### PROBLEM STATEMENT
Without any of the pictures, transcribe all the lines below exactly.

### DATA EXCERPT
■ ■ ■ ■ ■
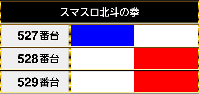 閉店時には『スマスロ北斗の拳』の528番台と529番台が並んでプラスptを記録。
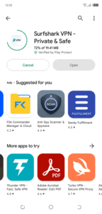 - 访问您设备的应用程序商店,搜索 Surfshark 应用程序,然后点击“安装”。在本次演示中,我将使用我的 Android 设备。
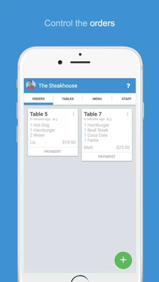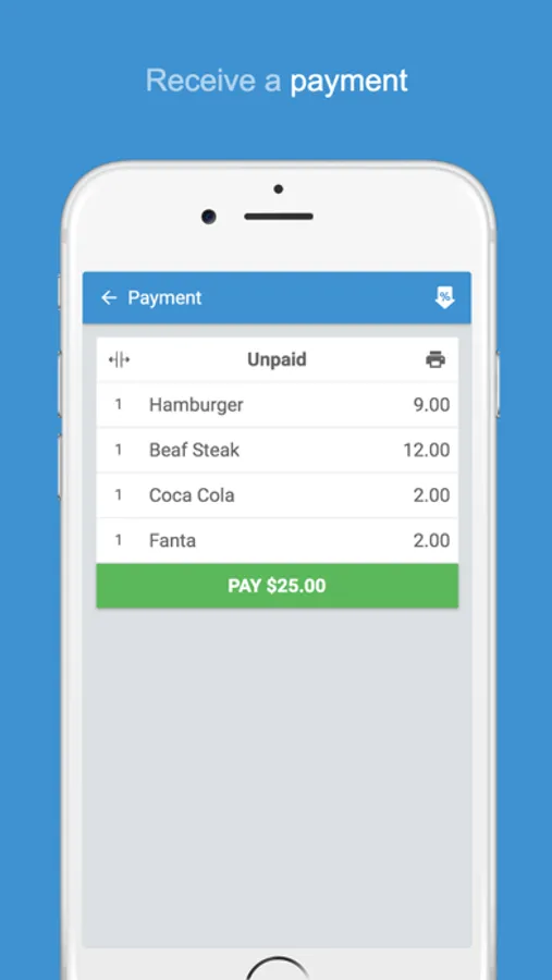 Waiterio is a fully functional POS system. Calculate the total for an order and receive the payments by cash or payment card.
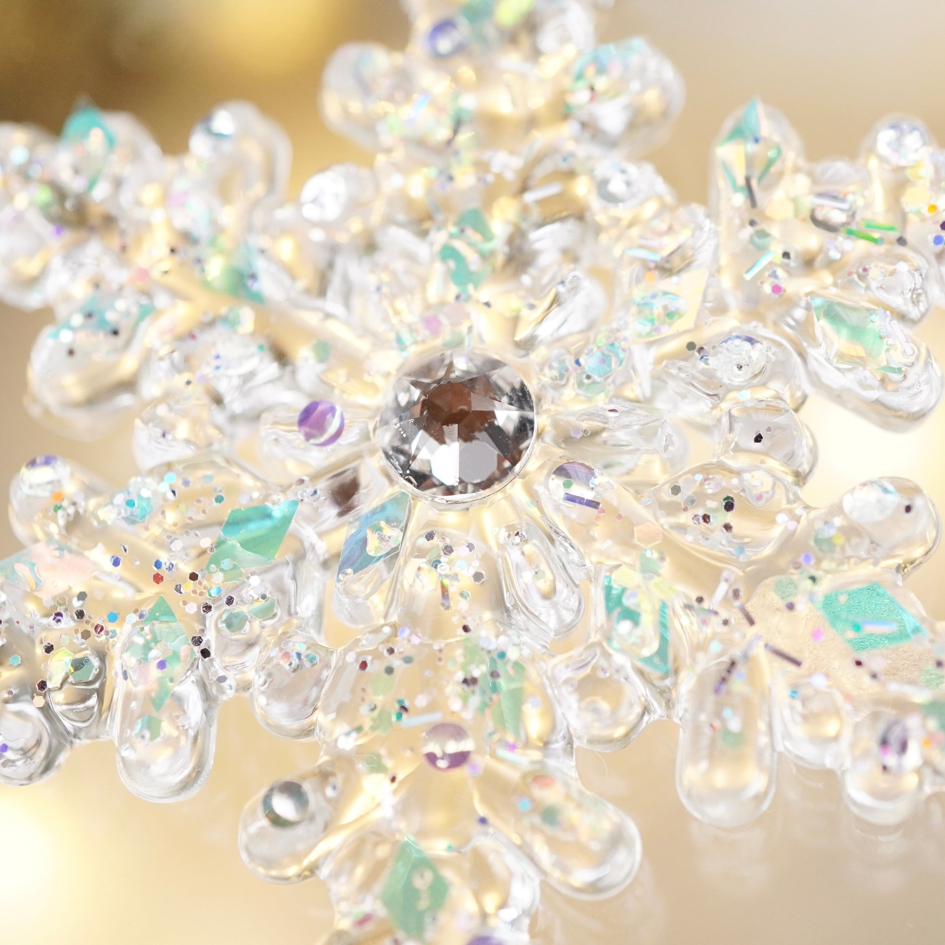 雪の結晶の表面には様々な形のラメをあしらい、キラキラに仕上げました
■ ■ ■ ■ ■
### RESULT OF THE TASK
 閉店時には『スマスロ北斗の拳』の528番台と529番台が並んでプラスptを記録。
 - 访问您设备的应用程序商店,搜索 Surfshark 应用程序,然后点击“安装”。在本次演示中,我将使用我的 Android 设备。
 Waiterio is a fully functional POS system. Calculate the total for an order and receive the payments by cash or payment card.
 雪の結晶の表面には様々な形のラメをあしらい、キラキラに仕上げました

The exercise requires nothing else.